What the task requires> In the entries that follow, find the line containing "Ce grand ballon"; from there, copy every line exactly through the line containing "Moderní kancelářská židle".

Given records>
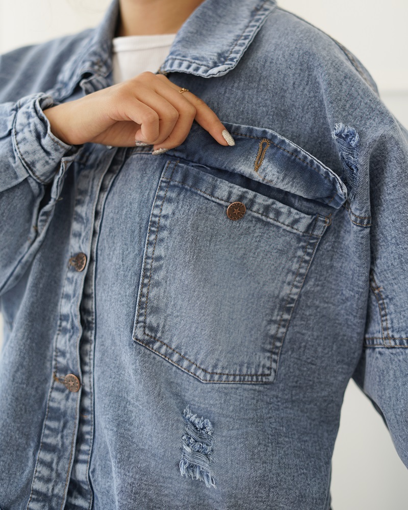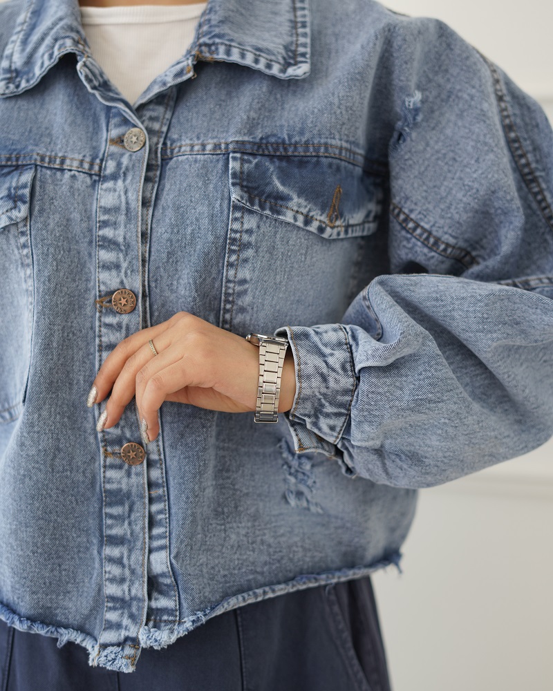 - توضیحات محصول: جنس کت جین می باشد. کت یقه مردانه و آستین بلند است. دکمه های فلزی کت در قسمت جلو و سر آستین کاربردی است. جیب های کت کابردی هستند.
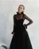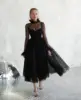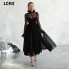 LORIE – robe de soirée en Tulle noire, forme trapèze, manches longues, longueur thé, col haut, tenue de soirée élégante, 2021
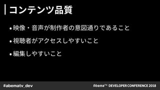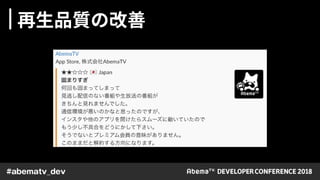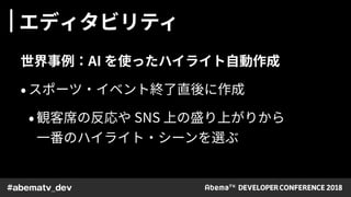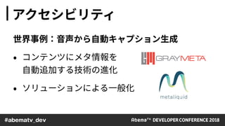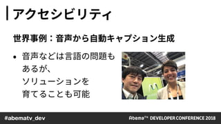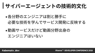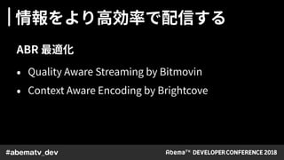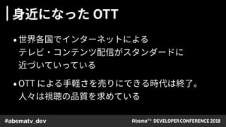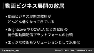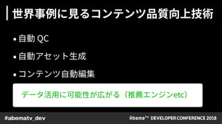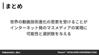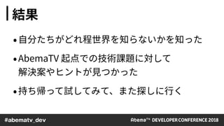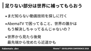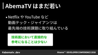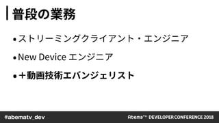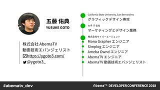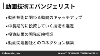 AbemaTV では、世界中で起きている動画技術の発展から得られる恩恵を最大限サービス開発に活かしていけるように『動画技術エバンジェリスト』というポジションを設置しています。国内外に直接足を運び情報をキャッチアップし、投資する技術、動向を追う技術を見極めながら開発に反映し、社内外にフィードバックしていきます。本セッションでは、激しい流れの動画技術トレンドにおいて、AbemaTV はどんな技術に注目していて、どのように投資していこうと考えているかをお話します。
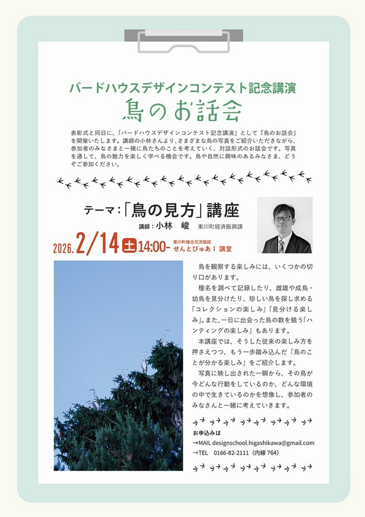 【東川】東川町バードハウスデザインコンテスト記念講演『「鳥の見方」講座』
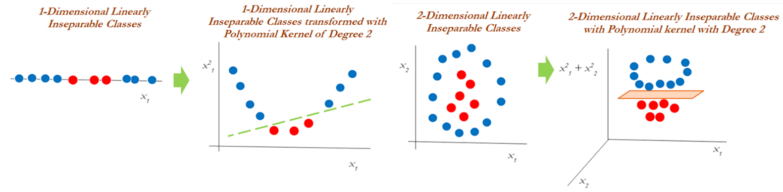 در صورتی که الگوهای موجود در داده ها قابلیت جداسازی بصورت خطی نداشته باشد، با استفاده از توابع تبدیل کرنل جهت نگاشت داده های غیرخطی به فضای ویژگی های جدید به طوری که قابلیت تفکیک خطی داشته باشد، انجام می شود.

---

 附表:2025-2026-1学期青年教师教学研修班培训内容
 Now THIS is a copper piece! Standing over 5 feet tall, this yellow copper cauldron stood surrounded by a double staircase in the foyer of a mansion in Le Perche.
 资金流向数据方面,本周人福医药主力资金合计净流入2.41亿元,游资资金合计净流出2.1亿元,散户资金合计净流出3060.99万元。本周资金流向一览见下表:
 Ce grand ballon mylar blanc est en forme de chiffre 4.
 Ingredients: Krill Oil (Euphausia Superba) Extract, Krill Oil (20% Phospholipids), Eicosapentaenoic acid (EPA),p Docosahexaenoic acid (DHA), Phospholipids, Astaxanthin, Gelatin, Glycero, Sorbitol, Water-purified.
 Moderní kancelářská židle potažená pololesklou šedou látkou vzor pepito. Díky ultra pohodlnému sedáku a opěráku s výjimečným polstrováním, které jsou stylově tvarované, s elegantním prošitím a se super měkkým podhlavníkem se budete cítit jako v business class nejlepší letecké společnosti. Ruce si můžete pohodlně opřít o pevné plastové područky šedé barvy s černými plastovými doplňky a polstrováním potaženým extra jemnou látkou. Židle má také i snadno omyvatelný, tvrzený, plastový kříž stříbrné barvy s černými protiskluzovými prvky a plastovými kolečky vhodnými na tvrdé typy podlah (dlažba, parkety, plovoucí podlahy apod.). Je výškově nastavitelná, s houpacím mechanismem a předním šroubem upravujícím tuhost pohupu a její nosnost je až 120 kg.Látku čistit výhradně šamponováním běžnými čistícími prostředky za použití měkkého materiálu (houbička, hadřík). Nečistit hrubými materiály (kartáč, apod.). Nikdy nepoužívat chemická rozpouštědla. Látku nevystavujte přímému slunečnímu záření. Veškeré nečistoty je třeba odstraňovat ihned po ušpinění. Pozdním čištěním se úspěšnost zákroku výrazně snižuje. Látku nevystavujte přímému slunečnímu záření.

Your response>
 Ce grand ballon mylar blanc est en forme de chiffre 4.
 Ingredients: Krill Oil (Euphausia Superba) Extract, Krill Oil (20% Phospholipids), Eicosapentaenoic acid (EPA),p Docosahexaenoic acid (DHA), Phospholipids, Astaxanthin, Gelatin, Glycero, Sorbitol, Water-purified.
 Moderní kancelářská židle potažená pololesklou šedou látkou vzor pepito. Díky ultra pohodlnému sedáku a opěráku s výjimečným polstrováním, které jsou stylově tvarované, s elegantním prošitím a se super měkkým podhlavníkem se budete cítit jako v business class nejlepší letecké společnosti. Ruce si můžete pohodlně opřít o pevné plastové područky šedé barvy s černými plastovými doplňky a polstrováním potaženým extra jemnou látkou. Židle má také i snadno omyvatelný, tvrzený, plastový kříž stříbrné barvy s černými protiskluzovými prvky a plastovými kolečky vhodnými na tvrdé typy podlah (dlažba, parkety, plovoucí podlahy apod.). Je výškově nastavitelná, s houpacím mechanismem a předním šroubem upravujícím tuhost pohupu a její nosnost je až 120 kg.Látku čistit výhradně šamponováním běžnými čistícími prostředky za použití měkkého materiálu (houbička, hadřík). Nečistit hrubými materiály (kartáč, apod.). Nikdy nepoužívat chemická rozpouštědla. Látku nevystavujte přímému slunečnímu záření. Veškeré nečistoty je třeba odstraňovat ihned po ušpinění. Pozdním čištěním se úspěšnost zákroku výrazně snižuje. Látku nevystavujte přímému slunečnímu záření.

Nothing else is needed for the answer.